Provided records:
++++++++++

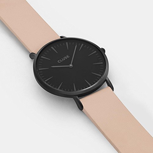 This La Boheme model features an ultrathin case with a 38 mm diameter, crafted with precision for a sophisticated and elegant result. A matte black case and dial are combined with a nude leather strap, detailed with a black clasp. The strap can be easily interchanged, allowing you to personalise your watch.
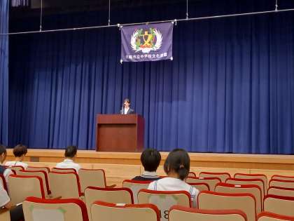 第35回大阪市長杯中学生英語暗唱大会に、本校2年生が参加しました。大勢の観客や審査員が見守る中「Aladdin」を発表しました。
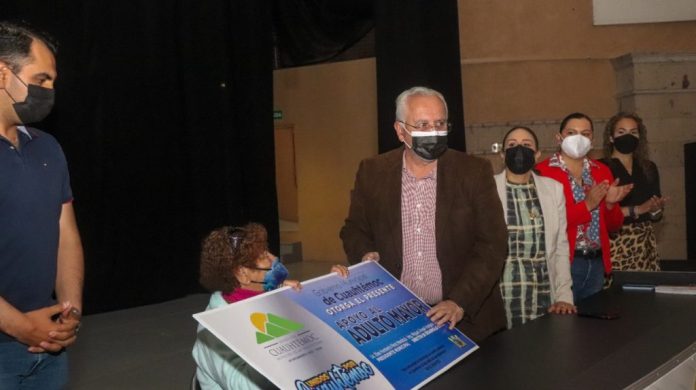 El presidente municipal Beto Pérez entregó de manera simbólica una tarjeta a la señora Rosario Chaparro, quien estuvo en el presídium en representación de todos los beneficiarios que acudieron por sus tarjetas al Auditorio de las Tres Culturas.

++++++++++

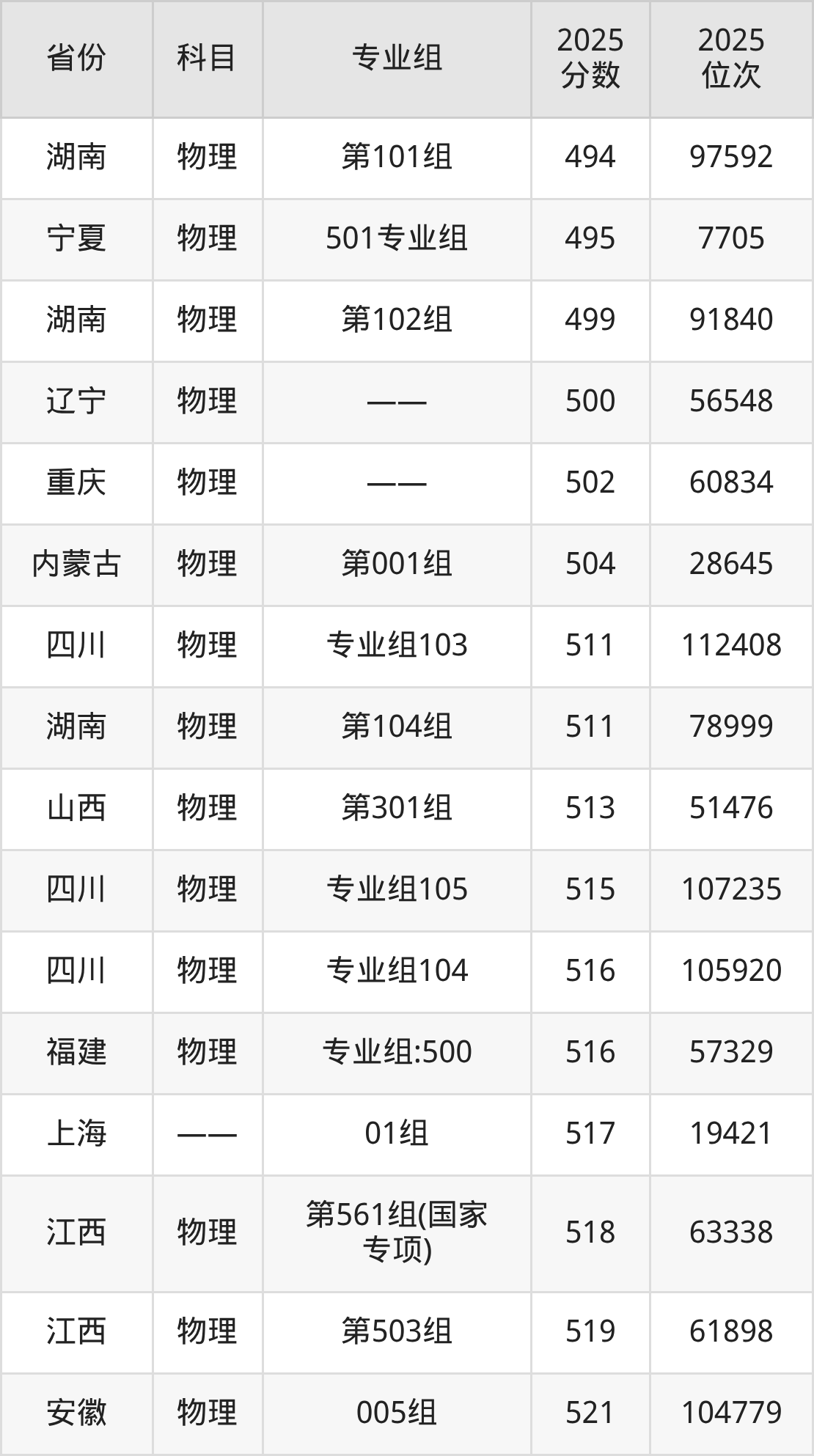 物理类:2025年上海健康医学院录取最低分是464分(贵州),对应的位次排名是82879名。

++++++++++

What this task involves: Starting at the line above with "This La Boheme", output every line exactly up to and including the line with "第35回大阪市長杯中学生英語", but none of the pictures.

Your response:
 This La Boheme model features an ultrathin case with a 38 mm diameter, crafted with precision for a sophisticated and elegant result. A matte black case and dial are combined with a nude leather strap, detailed with a black clasp. The strap can be easily interchanged, allowing you to personalise your watch.
 第35回大阪市長杯中学生英語暗唱大会に、本校2年生が参加しました。大勢の観客や審査員が見守る中「Aladdin」を発表しました。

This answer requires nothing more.